It was while Mrs Wilson was back in Little Bealings that Sandy got into a spot of bother.

She climbed up through a neighbouring garage up on to a roof and could not get down, despite the efforts of Mrs Wilson’s neighbours.

“I had a telephone call from Marie who said she had been up there for about three weeks and wouldn’t come down – some of my English friends had even tried to get her,” she said.

“It was baking hot and she wasn’t eating or drinking. I was so worried that I decided the only thing to do was to fly over and rescue her.”

Mrs Wilson arranged flights with Ryanair and within a couple of days was on the scene, jetting from Stansted to Carcasonne then hiring a car in a trip that cost hundreds of pounds.

“I got in through the garage and to as close as I could get and as soon as she heard my voice Sandy came to me.

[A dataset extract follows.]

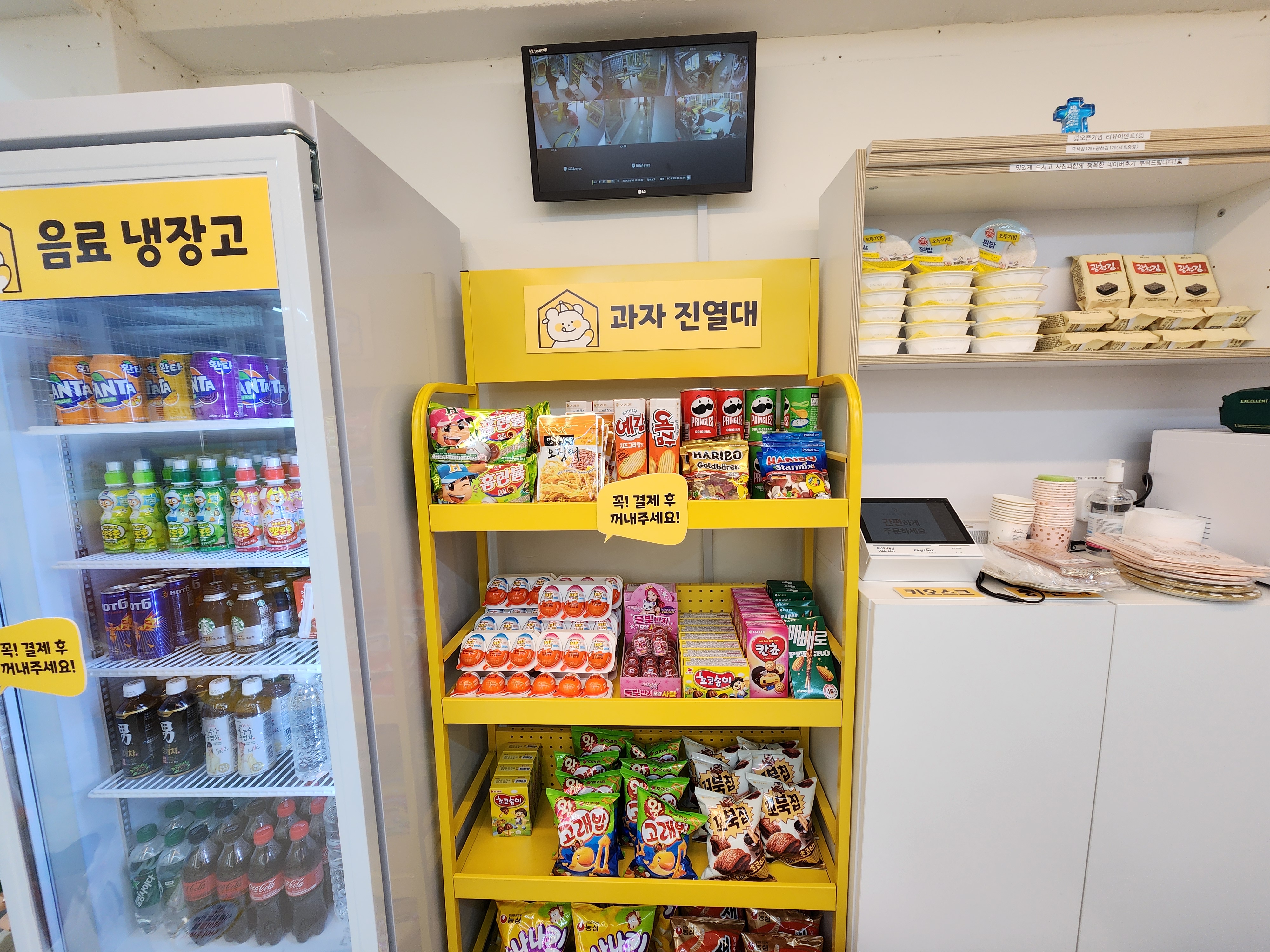 이곳은 무인으로 간식만 결제해서 먹고, 나머지 음식은 외부에서 유입이 되어서 진짜 좋아요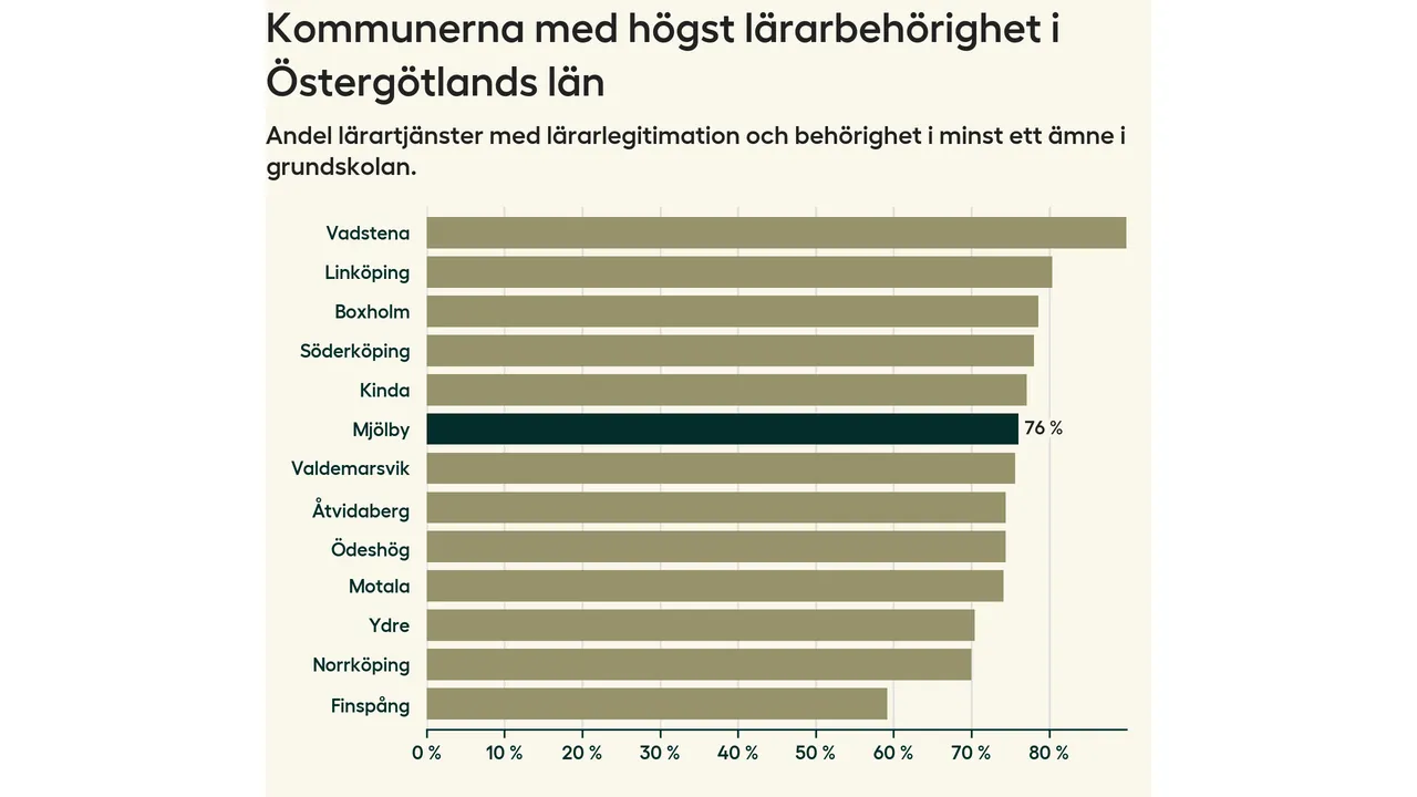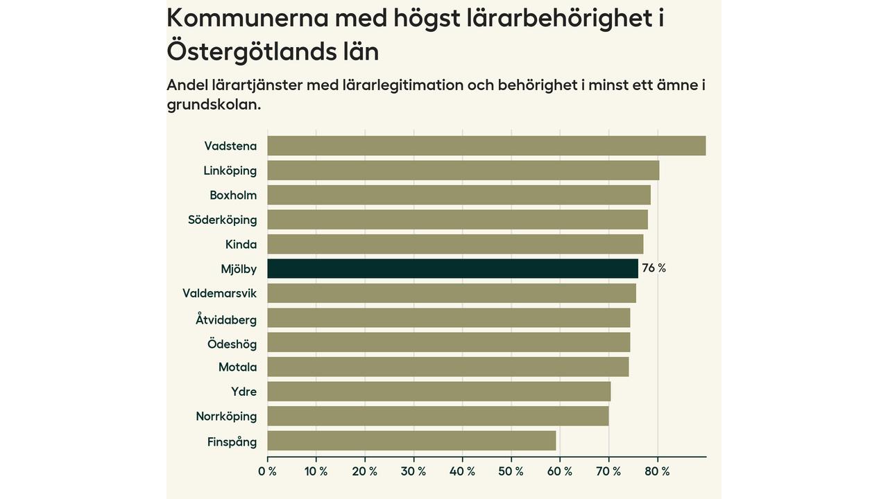 Lärarbehörigheten i Mjölby kommun ligger kvar på 76 procent, vilket är över snittet för hela landet.

“She was so dehydrated and we nursed her back to health. But I was still so worried when we weren’t there.”

After the close call, Mrs Wilson resolved to find Sandy a proper home. She couldn’t take her in as she already had two cats of her own but when her friend Peggy Ward’s cat died, she was able to make the ideal arrangement.

Sandy was inoculated and even given a passport before she could be transported to Britain, and now lives in comfort with her devoted new owner – and with regular visits from her rescuer. “She’s so happy now,” said Mrs Wilson.

“So much so, she never goes out – certainly not on to roofs.”